Postselected communication over quantum channels

TL;DR

This paper introduces the concept of postselected communication over quantum channels, providing a single-letter capacity characterization under entanglement and nonsignalling assistance, and establishing fundamental limits on quantum communication with postselection.

Contribution

It offers the first precise single-letter characterization of postselected capacities in quantum channels, linking them to the projective mutual information and bounding one-shot capacities.

Findings

Postselected capacities equal the channel's projective mutual information.

Bounds on one-shot postselected capacities are established using teleportation and hypothesis testing.

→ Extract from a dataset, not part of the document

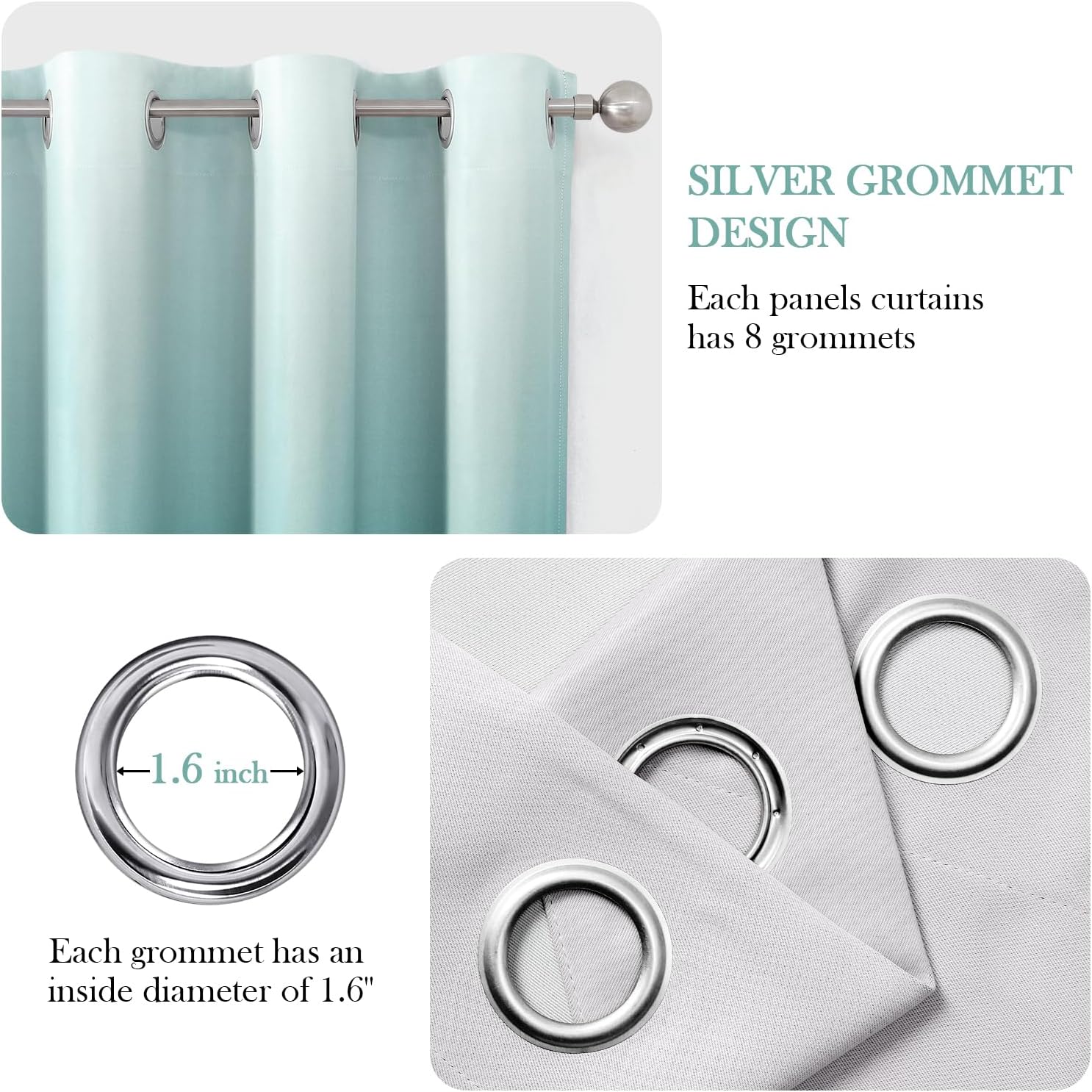 - ★PACKAGE MADE: Your package includes two gradient curtain panels. Each panel measures 52 inches in width, a total width of 104 inches. 8 silvery grommets (1.6-inch inner diameter) of each panel make the blackout curtains easy to install and slide.

Fundamental limits are identified for quantum communication with postselection, even with advanced resources.

Abstract

The single-letter characterisation of the entanglement-assisted capacity of a quantum channel is one of the seminal results of quantum information theory. In this paper, we consider a modified communication scenario in which the receiver is allowed an additional, `inconclusive' measurement outcome, and we employ an error metric given by the error probability in decoding the transmitted message conditioned on a conclusive measurement result. We call this setting postselected communication and the ensuing highest achievable rates the postselected capacities. Here, we provide a precise single-letter characterisation of postselected capacities in the setting of entanglement assistance as well as the more general nonsignalling assistance, establishing that they are both equal to the channel's projective mutual information -- a variant of mutual information based on the Hilbert projective metric. We do so by establishing bounds on the one-shot postselected capacities, with a lower bound that makes use of a postselected teleportation-based protocol and an upper bound in terms of the postselected hypothesis testing relative entropy. As such, we obtain fundamental limits on a channel's ability to communicate even when this strong resource of postselection is allowed, implying limitations on communication even when the receiver has access to postselected closed timelike curves.